Public accommodation laws in Colorado and elsewhere are designed to prevent discrimination by businesses that interact with the public. Five years ago, David Mullins and Charlie Craig asked Colorado baker Jack Phillips to make them a custom wedding cake. Phillips refused, saying he didn't want to be compelled to use his artistic talents — his cake creativity — to celebrate an event that violated his deeply held religious beliefs. So Mullins and Craig filed civil rights charges against the baker.
The Justice Department, under President Trump, is backing the baker. In a brief filed with the court this month, it argues that the wedding cake case is at heart about the First Amendment and the right to free expression. Acting Solicitor General Jeffrey Wall wrote:
"The government may not enact content-based laws commanding a speaker to engage in protected expression: An artist cannot be forced to paint, a musician cannot be forced to play, and a poet cannot be forced to write."
Some of the cakes on display Tuesday were overtly political. Tressa Wiles of Bayou Bakery crafted a blue and yellow cake — the colors of the Human Rights Campaign — with a fist jutting out of the top in defiance. "If you like cake and dessert and want to get married or celebrate anything, you should be able to get it — as long as you pay for it, right?" Wiles told The Washington Post. She told the paper she was 100 percent in support of the Colorado couple.
Others took a more romantic approach. Derkje Steenblik, pastry chef at Bourbon Steak, in D.C.'s Four Seasons hotel, says she spent two days crafting her white-tiered cake festooned with hearts, in the colors of the rainbow. "The hearts ascending," she says, "symbolize love ascending" — and presumably, conquering all.

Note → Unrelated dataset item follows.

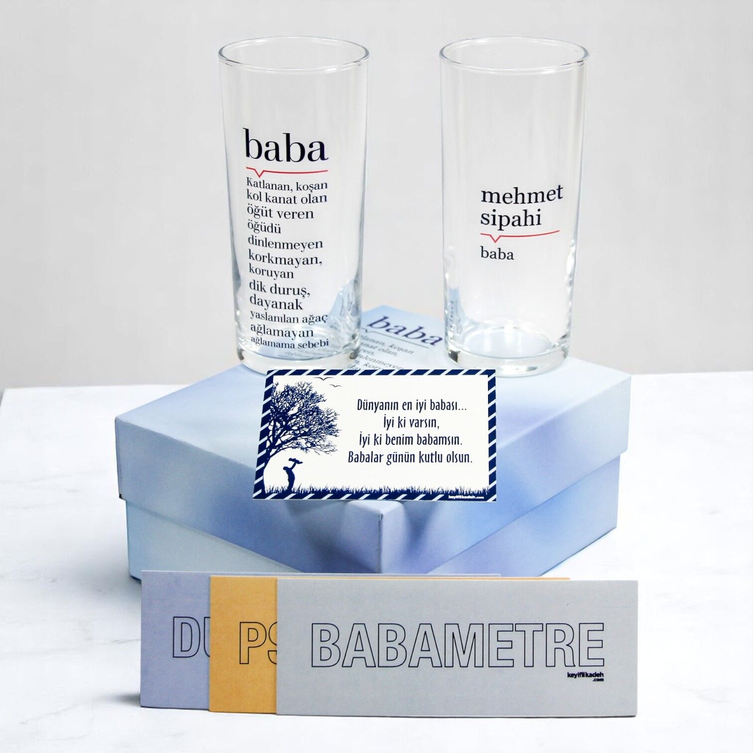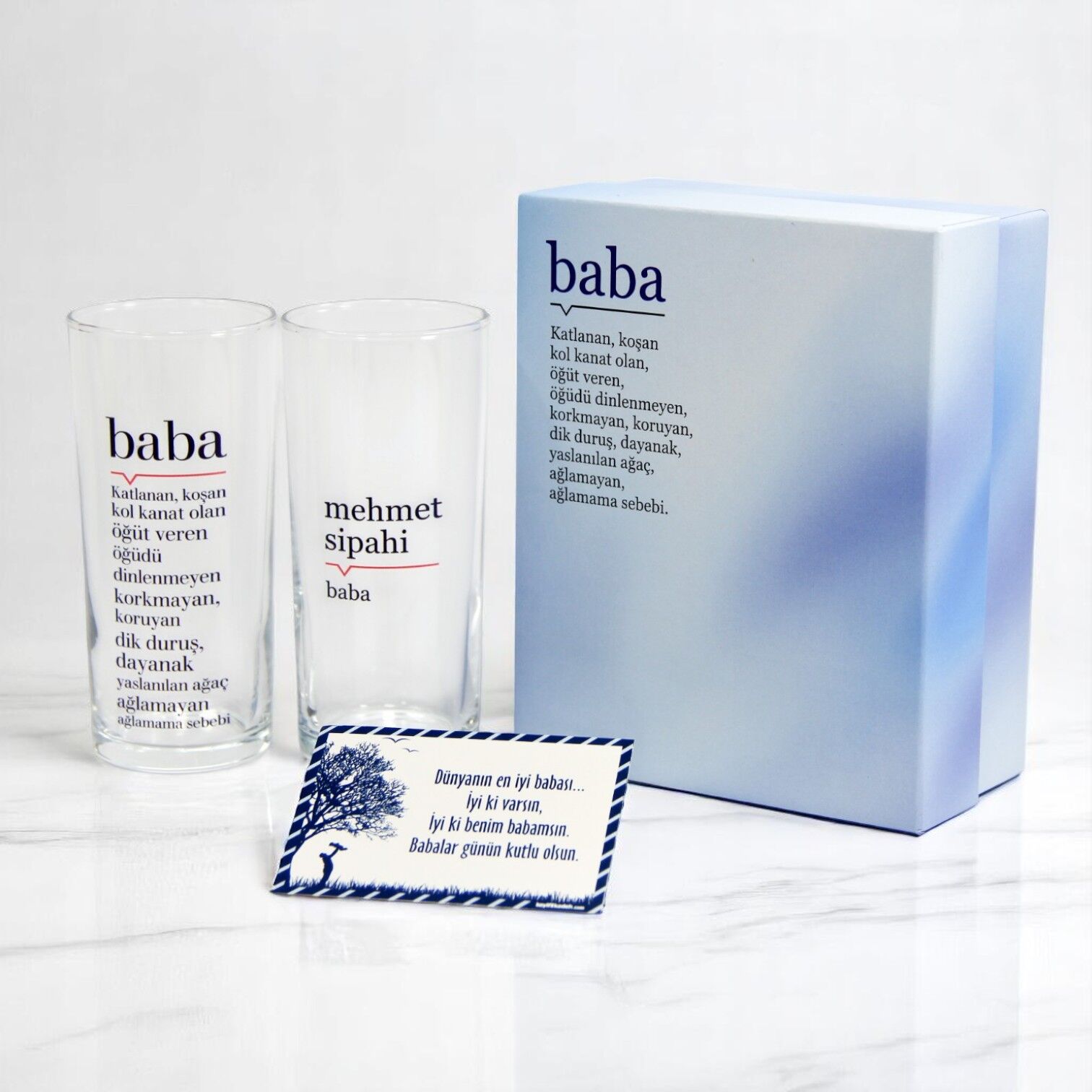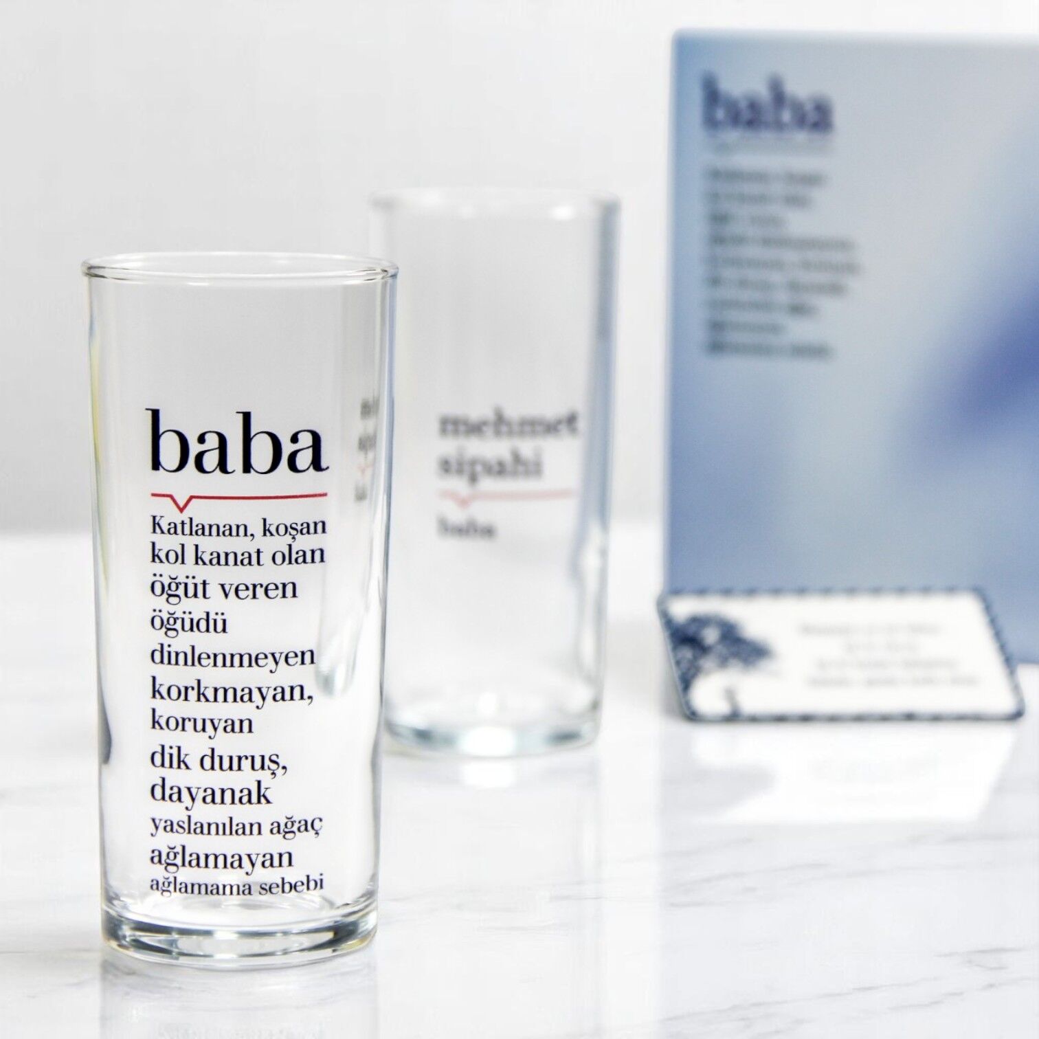 Özenle tasarlanmış bu özel rakı bardağına babanızın ismini kalıcı ve kabartmalı bir baskı ile işliyoruz. Her yudumda size olan sevginizi hatırlayacağı bu şık hediye, hem kişisel hem de unutulmaz bir armağan olacak.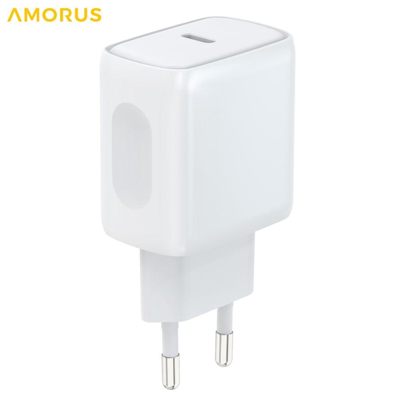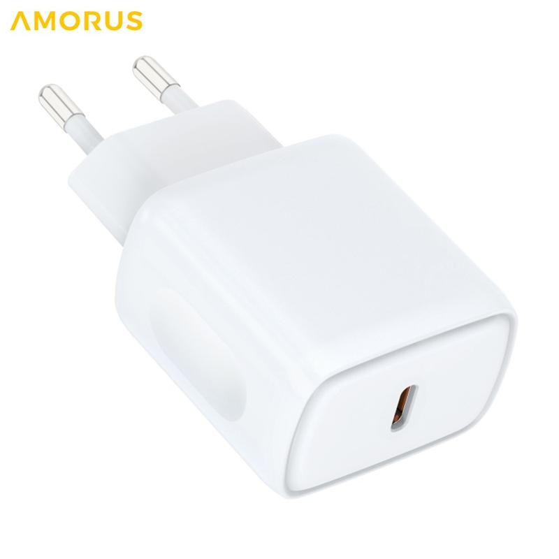 Amorus PD 20 W USB-C Schnellladegerät für die Wand – Intelligenter Netzadapter mit PPS, feuerfestes Design – EU-Stecker

The wedding cake displays have been a part of Chefs for Equality since the first event was held in 2012, to benefit Maryland's Question 6, the state's same-sex marriage law. The cakes were such a hit that "we decided to do it every year and theme it," says Simone Rathle, who is on the event's host committee. "And this year, because of what was happening with the Supreme Court hearing, the cakes were much more important than anything."